MADRID – Le rapprochement entre Iran et Occident constitue depuis bien longtemps une véritable chimère de la politique internationale. Le monde apparaît néanmoins se rapprocher de plus en plus d’une nouvelle ère, caractérisée par une collaboration à la fois prudente et cruciale entre les États, et particulièrement entre un Iran et une Amérique qui apparaissaient irréconciliables depuis la Révolution islamique d’Iran en 1979.

Cet impératif de coopération a dominé les discussions menées au cours du rassemblement de Bergedorf organisé par la Körber Foundation aux côtés du think tank iranien Institut pour la science et la sécurité internationale. Lors de cet événement, auquel j’ai personnellement assisté, 30 acteurs politiques, hauts responsables et experts issus d’Europe, des États-Unis et d’Iran ont débattu de l’avenir de cette relation, apportant un certain nombre de points de vue essentiels, dont il s’agirait que s’inspirent les futures décisions politiques.

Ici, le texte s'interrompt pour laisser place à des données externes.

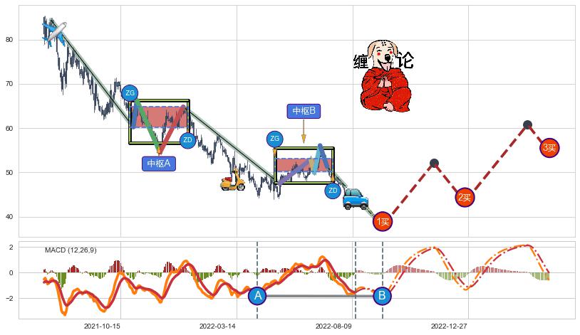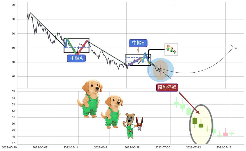 ➢ 【中枢B】:2022-05-11-2022-07-08,中枢由5笔构成,共42交易日, ZG=52.89, ZD=51.35

À l’heure du bouleversement et d’une désintégration des souverainetés territoriales au Moyen-Orient – et particulièrement en Irak – cette démarche ne saurait se révéler plus opportune. Afin d’inverser cette spirale qui l’entraîne actuellement vers le chaos, la région a besoin de solides forces stabilisatrices, susceptibles de fonder une action coordonnée en direction de la lutte contre les violences sectaires. À cet égard, l’Iran a un rôle fondamental à jouer.

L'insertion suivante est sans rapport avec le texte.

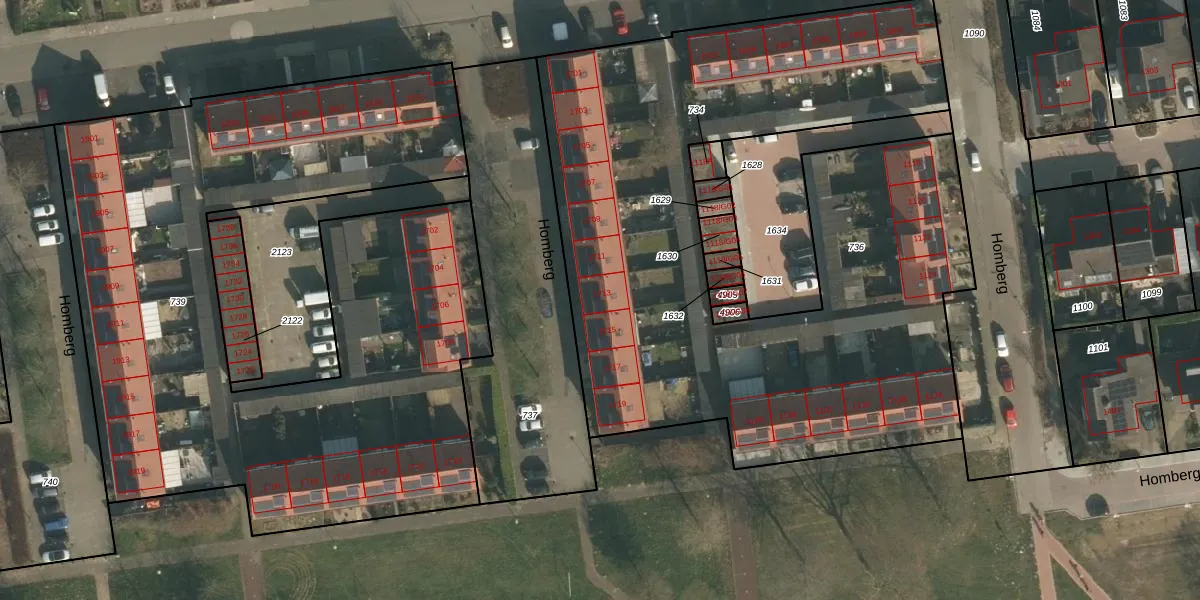 Het perceel waarop Homberg 1713 staat heeft een oppervlakte van 3928 m². Dit is een zeer groot perceel. De perceeloppervlakte wordt geregistreerd door het Kadaster. Gedetailleerde informatie over de maten van dit perceel kunt u vinden in het rapport Kadastrale kaart met maatvoering van Homberg 1713.

Au-delà de sa profondeur historique et culturelle, qui lui confère une certaine autorité au Moyen-Orient, l’Iran voit opérer à sa tête l’un des rares gouvernements fonctionnels capables de répondre aux évolutions géopolitiques de la région. Sans parler de ses réserves pétrolières colossales, qui consolident son rôle crucial au sein d’une équation énergétique mondiale complexe, en particulier à l’endroit d’une Europe attachée à réduire sa dépendance vis-à-vis des importations énergétiques russes.